Music Reviews

Lycia

Compilation Appearances Vol. 1

Projekt

Lycia’s A Day in the Stark Corner (1993) was the first Projekt CD I bought, and is still one of my favorites. Its chill gothic ambience captured perfectly a certain sense of morbid isolation blossoming into the corpse-flower of bitterness that turns even the brightest day into blackest night. I remember being surprised then that Lycia’s frigid synths and shards of icy guitar had emanated from Mike VanPortfleet’s home in Arizona rather than some Antarctic realm closer to Lovecraft’s Mountains of Madness, and that fact still amazes me eight years later as I listen to this CD of Lycia’s compilation appearances “recorded between 1990 and 1994–the Arizona years” (according to the CD’s subtitle).

Probably the biggest surprise for me on this mostly excellent 70-minute-plus collection was how much of Lycia’s early material falls pretty comfortably into the gothic rock realm, even though I’d always thought of the group as being more ambient in tone. Partly this results from a trick of fate, as VanPortfleet explained in the liner notes to Projekt 100 (on which two of the tracks on this CD first appeared); he had recorded almost a full album’s worth of harsher material under the working title Byzantine, but shelved it “when the initial mixing sessions produced nothing more than uncontrolled mud.” The album that eventually resulted was 1991’s Ionia, which was much more ambient-sounding.

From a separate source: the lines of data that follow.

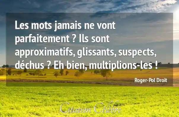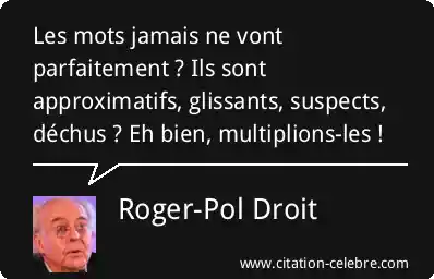 Citation Roger-Pol Droit bien : Les mots jamais ne vont parfaitement ? Ils sont approximatifs,...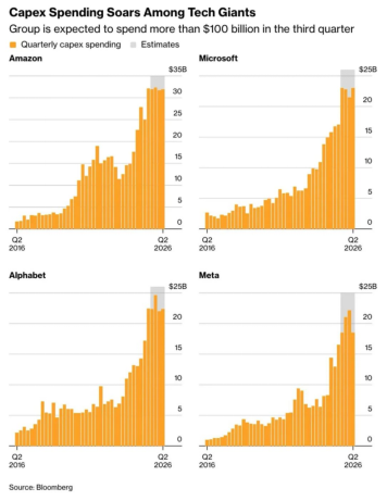 微软刚结束的财季资本支出达349亿美元,同比+74%,远超市场预期的300亿美元,并指引下一财季(FY26Q1)超过300亿美元,年化后有望达到1200亿美元规模。
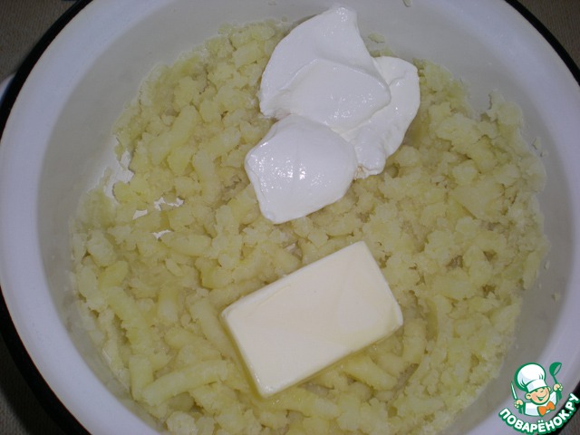 Для основы пирога нам понадобится картофельное пюре. Вернее, даже не пюре, а отваренный картофель, с которого слили воду и размяли. В теплый картофель мы добавляем сливочное масло и сметану, посолим по вкусу и хорошенько вымешиваем.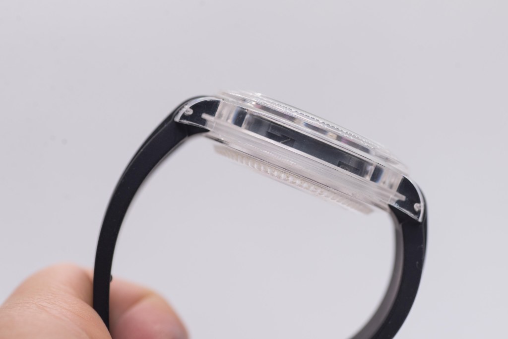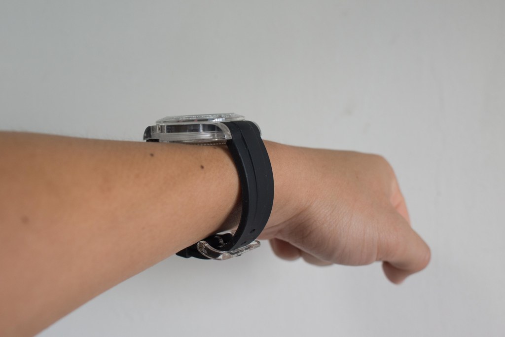 A fitted, curved end rubber strap came with the watch, together with accompanying clear hardware. It’s pretty much your generic rubber strap, and feels alright on wrist. Not much to shout about, but not much to complain either.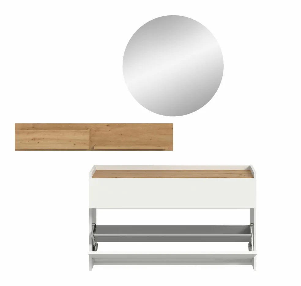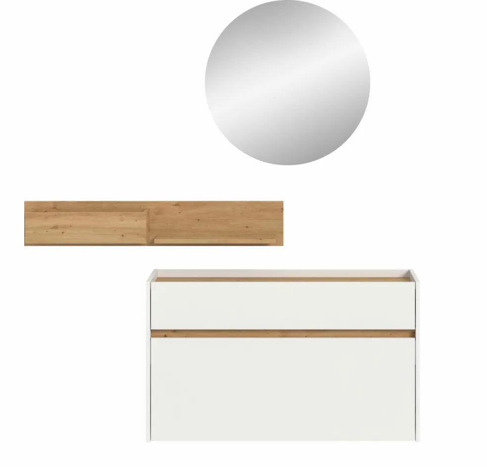 Façade: ton blanc et décor chêne Artisan / miroir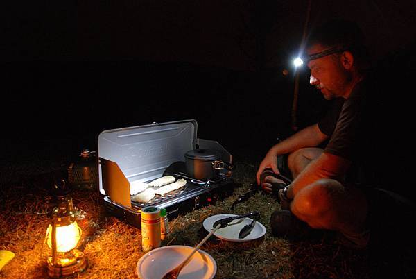 因為逛太晚才回營地,晚上摸黑吃火烤魚片,
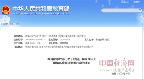 經濟日報-中國經濟網北京8月27日訊 日前,為營造良好安全的未成年人網絡環境,教育部、國家新聞出版署、中央網信辦、工業和信息化部、公安部、市場監管總局等六部門發文,聯合開展未成年人網絡環境專項治理行動。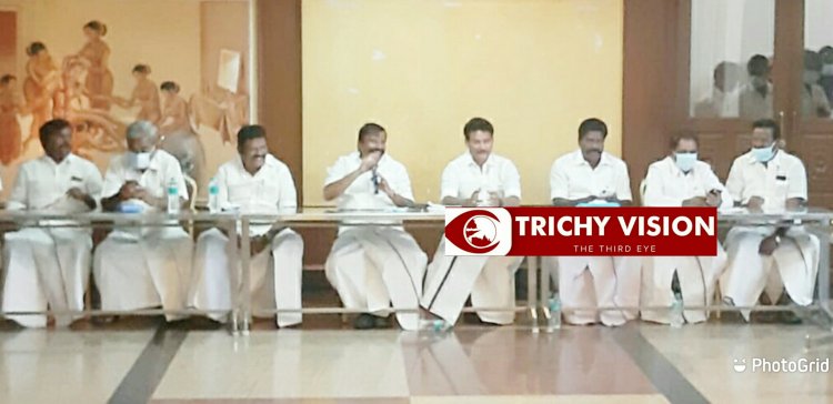 திருச்சி கலைஞர் அறிவாலயத்தில் திமுக மற்றும் தோழமை கட்சிகளுடனான தேர்தல் ஆலோசனை கூட்டம் நகராட்சி நிர்வாக துறை அமைச்சர் கே.என்.நேரு, தலைமையில் பள்ளிக்கல்வித்துறை அமைச்சர் அன்பில் மகேஷ் பொய்யாமொழி முன்னிலையில் நடைபெற்றது.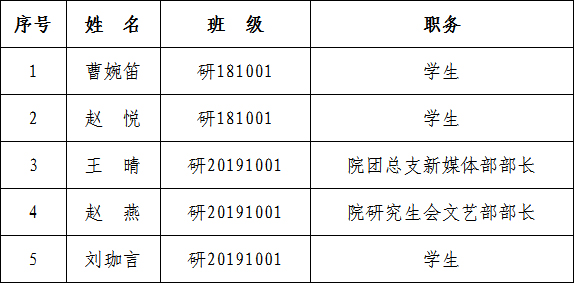为了认真贯彻党的发展党员工作方针,充分发扬民主,增加发展党员工作的透明度,把好发展党员质量关,确保新党员质量,经本学院党委研究,现将已列入2021年度发展计划,且通过党支部民主测评的发展对象在全院范围内公示。公示时间为5个工作日(2021年3月1日至2021年3月5日)。在公示期内,党内外群众如对发展对象有意见,请以真实单位、姓名,用书面、电话等形式如实反映情况。群众反映的问题可受到法律保护,我们将严格保密。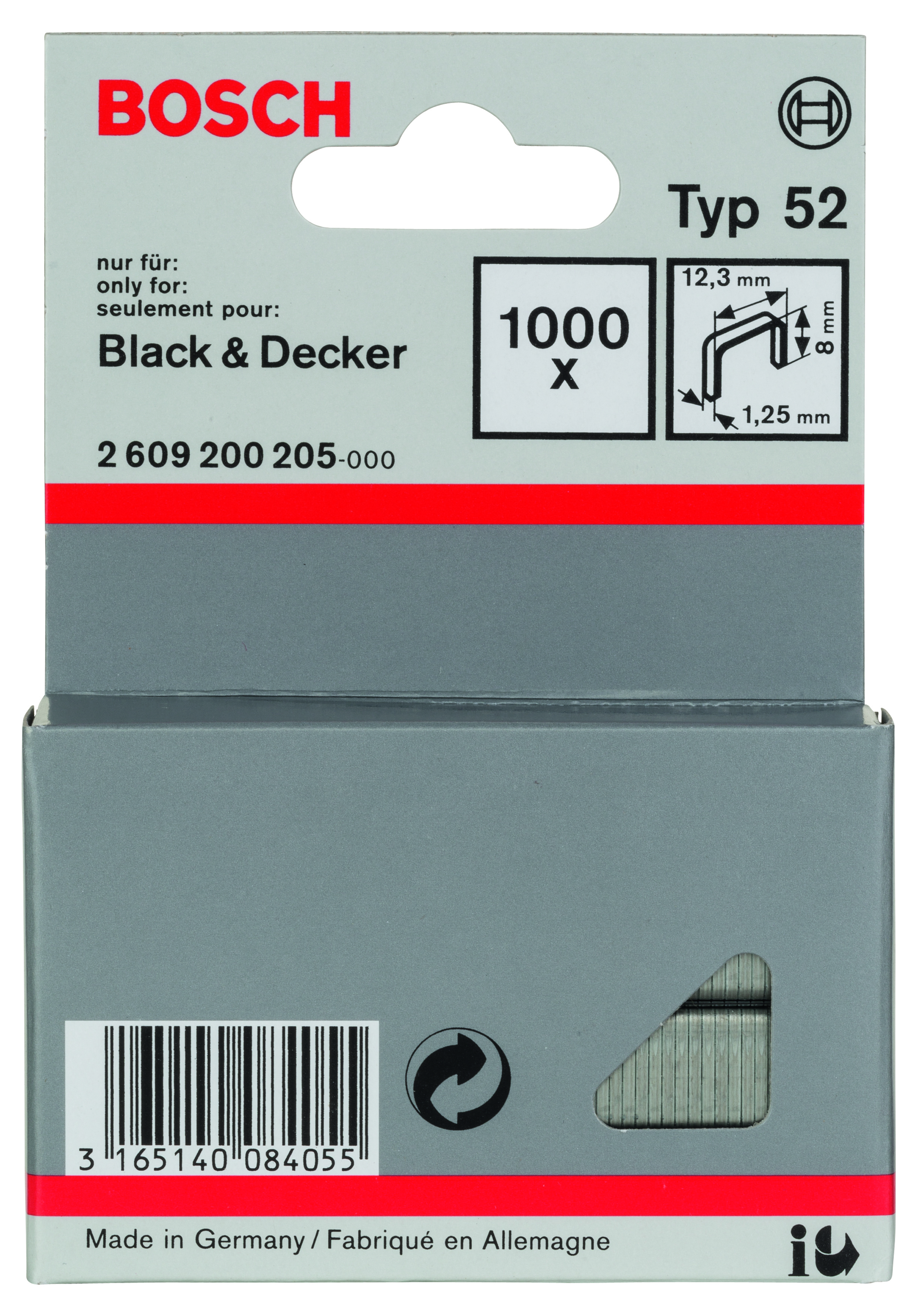 Emballage: 1000Marque: BoschRéférence: 2609200205EAN: 3165140084055Description: Agrafe à fil plat de type 52- 12,3 x 1,25 x 8 mm 1000x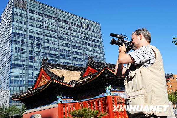 这是2008年10月23日,来自俄罗斯全国电视广播公司的记者鲍里斯在北京金融街街头拍摄。 新华社记者 杨光摄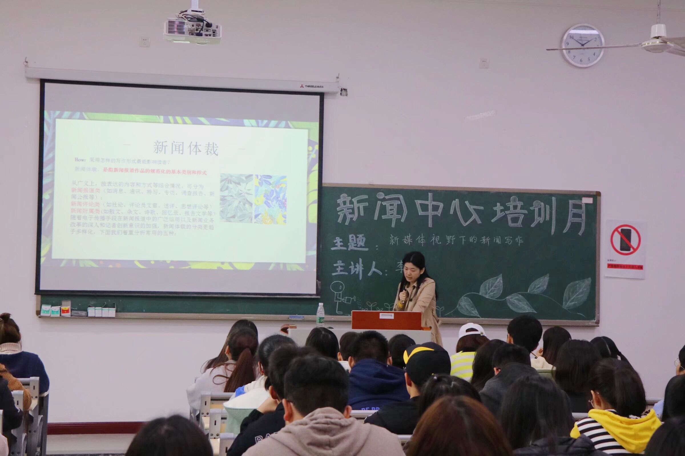 此次培训以“新媒体视野下的新闻写作”为主题开展,李敏老师着重强调了新闻稿的基本写作要求、写作技巧以及新闻稿写作形式,加强了同学们对新闻稿的基本认知。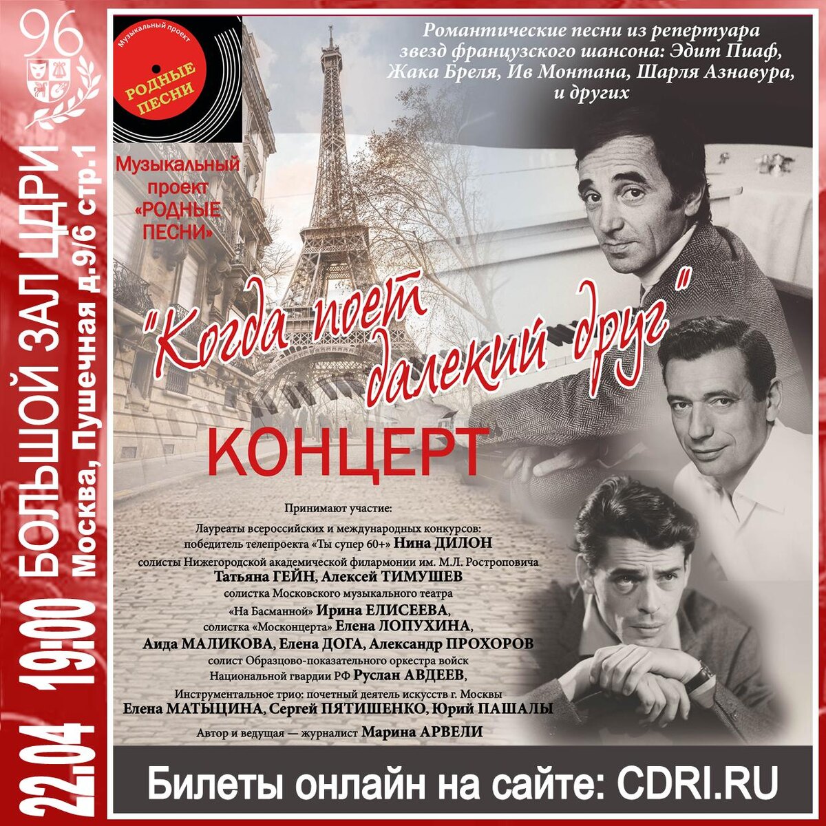 Романтические песни из репертуара звезд французского шансона: Шарля Азнавура, Ив Монтана, Жака Бреля и других В их этих песнях важным всегда оставался текст, для которого музыка, при всей ее красоте, оставалась обрамлением. В шансоне принято петь те стихи, которые написал ты сам и почти всегда они связаны с биографией и чувствами наших героев. Жак Брель и Шарль Азнавур писали музыку и тексты о себе, в одиночку пели и сами себе аккомпанировали, их выступления были театральны. Многие из них стали кинозвездами: Ив Монтан, Далида, Морис Шевалье. C именем Ив Монтан ассоциируются шлягеры «Опавшие листья», «Сэ си бон», фильмы «Врата ночи», «Миллиардер», он был выдающимся актером и замечательным шансонье. В программе концерта несколько композиций Шарля Азнавура: «Une vie d’amour» — одна из его самых знаменитых песен которую он исполнил вместе с Мирей Матье, специально для кинофильма «Тегеран-43». «La Bo

Both the tracks here from the Byzantine sessions combine deep, Andrew Eldritch or Carl McCoy-like intoned vocals with heavy beats and noisy, fuzzed-out guitars; “Excade Decade Decada” suffocates you with incredibly dark synth atmospheres and a voice from the crypt begging you to “take this away,” while the hypnotic voice on “Byzantine” intones its almost-subliminal messages in an echoing whisper buried under layer upon layer of distortion.

Given how much I loved A Day in the Stark Corner, it should come as no surprise that I also really enjoyed “Everything Is Cold,” originally recorded during the sessions for that album. A heavy, cold, hammering beat in back mixes with pretty but disturbingly off-key acoustic guitar and VanPortfleet’s characteristically enigmatic lyrics to create a feeling of madness settling softly around your hunched shoulders like a gray, isolating shroud. “The Facade Fades” (from the 1993 compilation Love and Hate) takes a more straight-ahead goth/industrial approach, with slightly cliched but still cool lyrics and a really fine bass line.

All in all, this CD is an excellent collection of Lycia’s early work, essential for their fans, and a great introduction to the group for everyone else.